/---

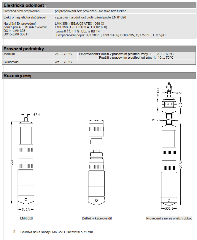 - LMK 358H: FTZÚ 05 ATEX 0202 X
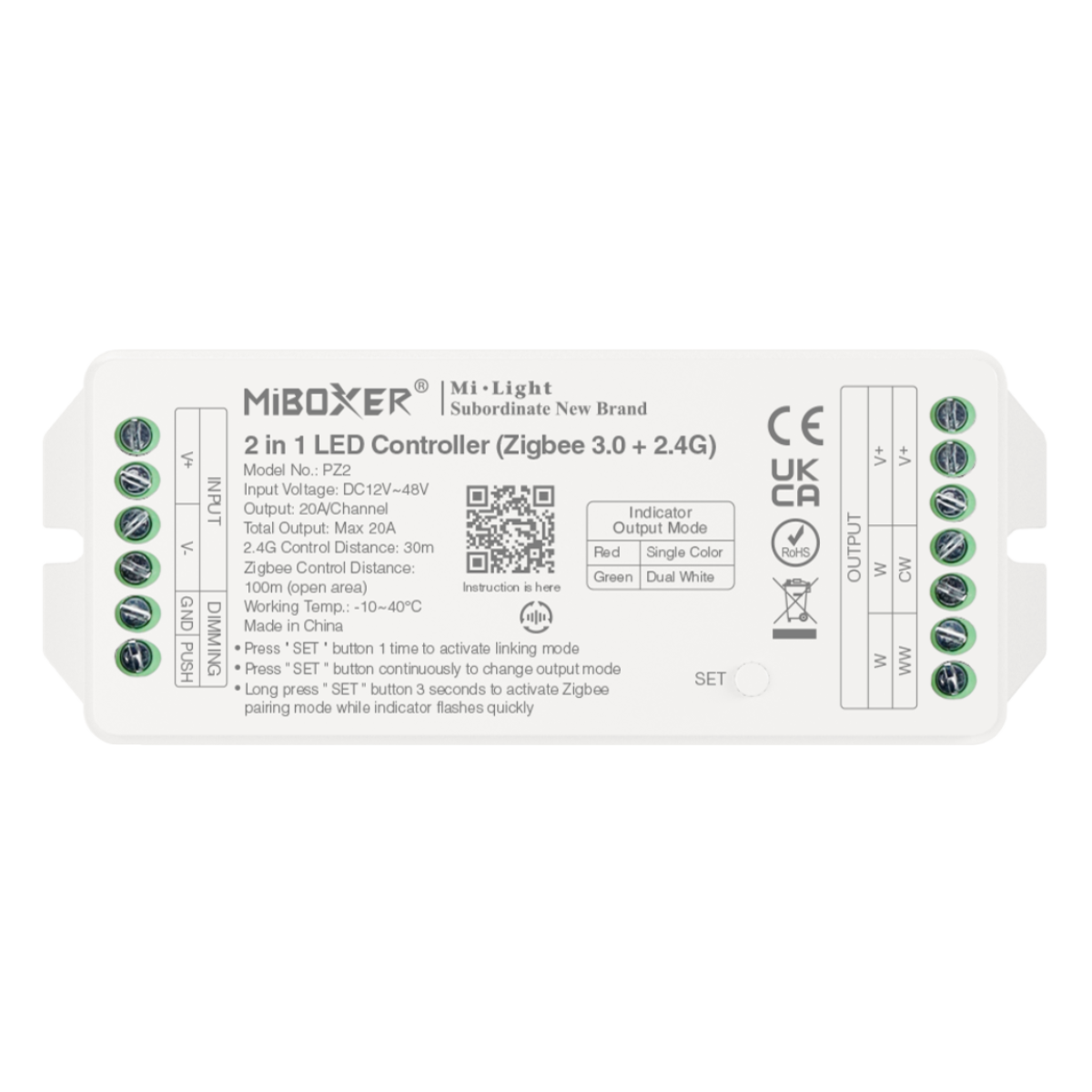 2-in-1 LED-Controller | Einfarbig | CCT | Zigbee 3.0 & 2,4GHz | Miboxer | PZ2
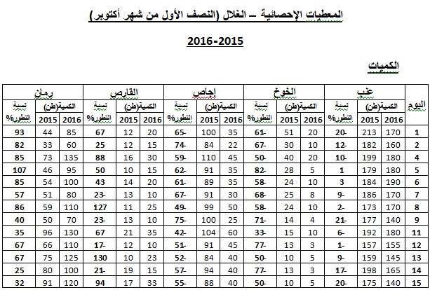 القارص: زيادة في التزويد مقارنة بنفس الفترة من سنة 2015 ويقدر مؤشر الكميات بـ  146
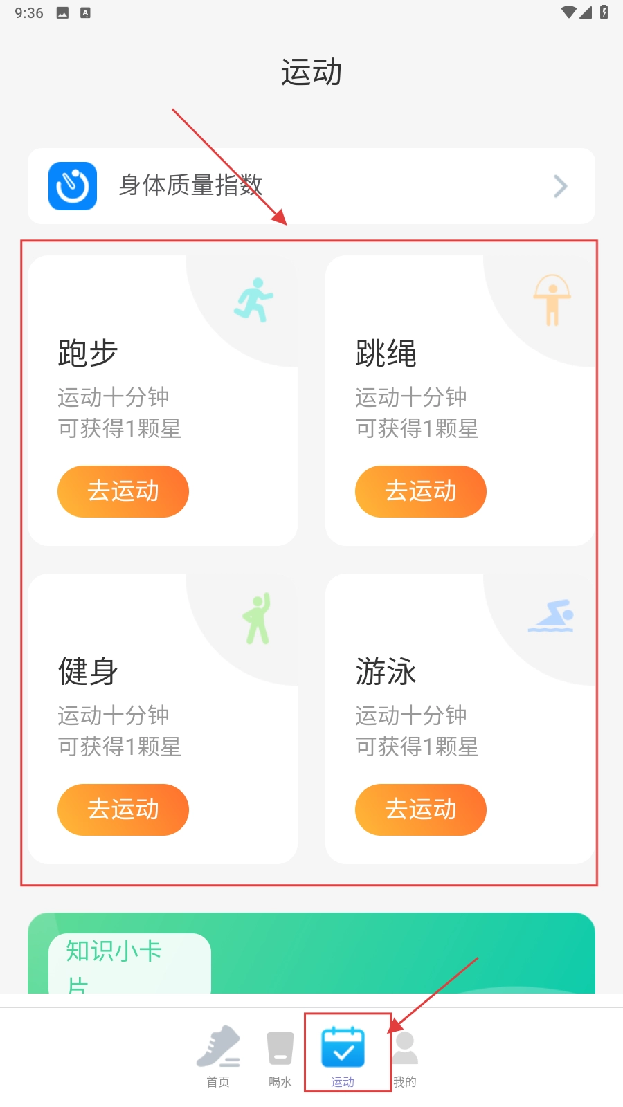进入【运动】板块后,选择跑步、跳绳等具体的运动项目,接着点击【去运动】按钮,这样就完成了运动计划的选择任务。
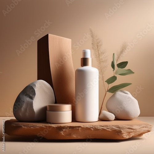 Generated image product photography skincare products on a clean light beige background with some stones
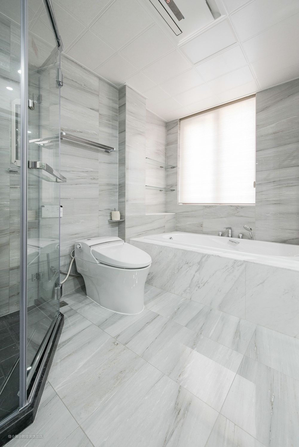 主卫采用灰白色云纹瓷砖全包裹墙面,既整洁又耐脏。
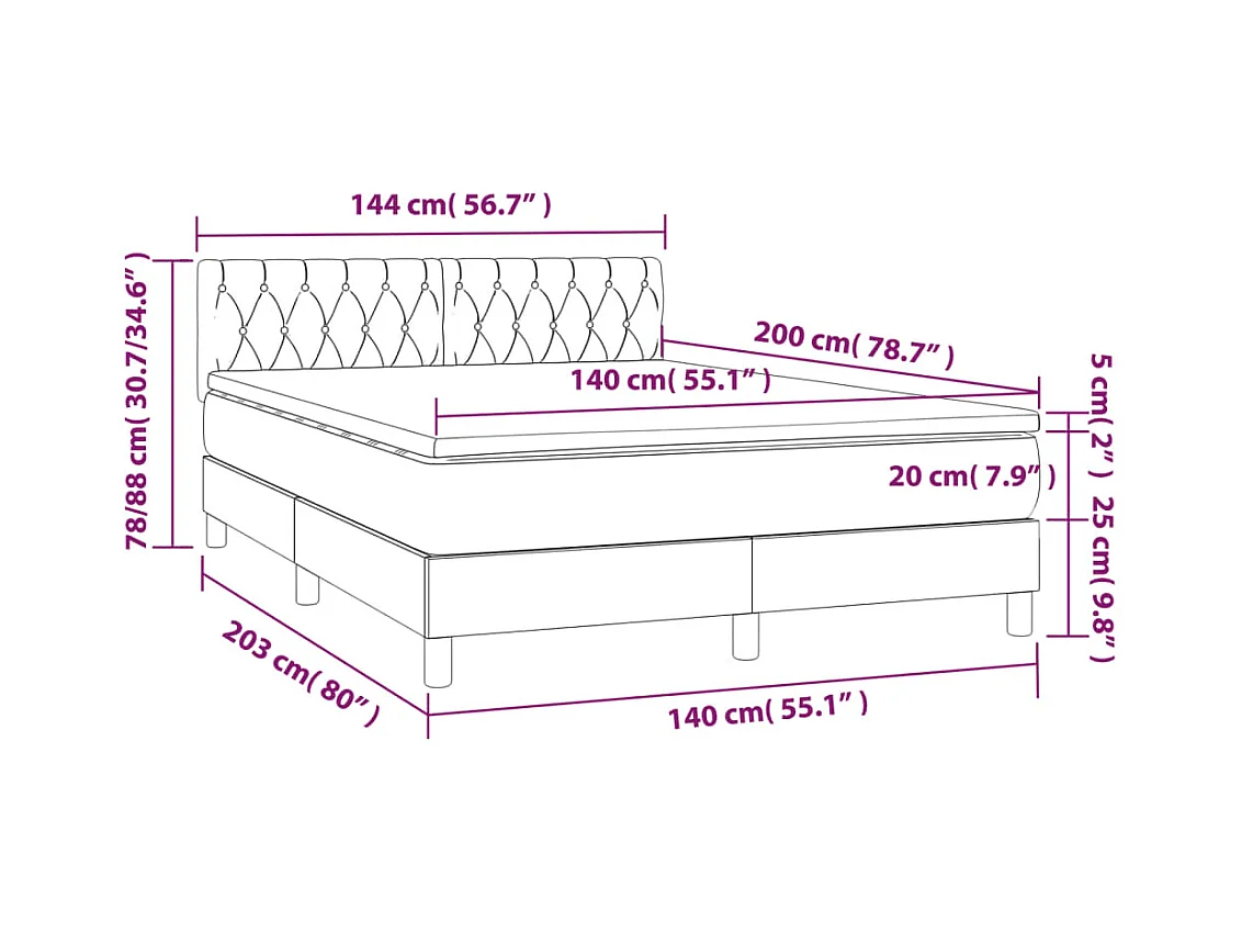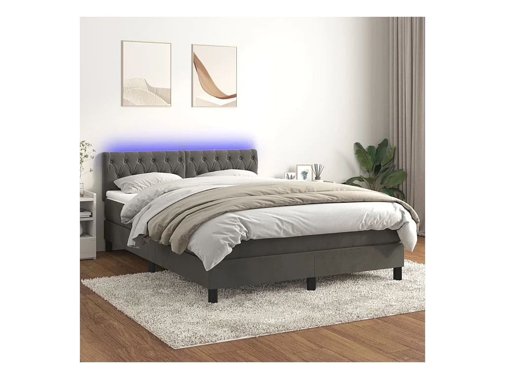 Sommier à lattes de lit avec matelas LED Gris foncé 140x200

\---

* Instructions to follow *
From the opening line of the entries, copy each line exactly until the line with "进入【运动】板块后,选择跑步", which is copied as well; leave out pictures.

* The answer *
 - LMK 358H: FTZÚ 05 ATEX 0202 X
 2-in-1 LED-Controller | Einfarbig | CCT | Zigbee 3.0 & 2,4GHz | Miboxer | PZ2
 القارص: زيادة في التزويد مقارنة بنفس الفترة من سنة 2015 ويقدر مؤشر الكميات بـ  146
进入【运动】板块后,选择跑步、跳绳等具体的运动项目,接着点击【去运动】按钮,这样就完成了运动计划的选择任务。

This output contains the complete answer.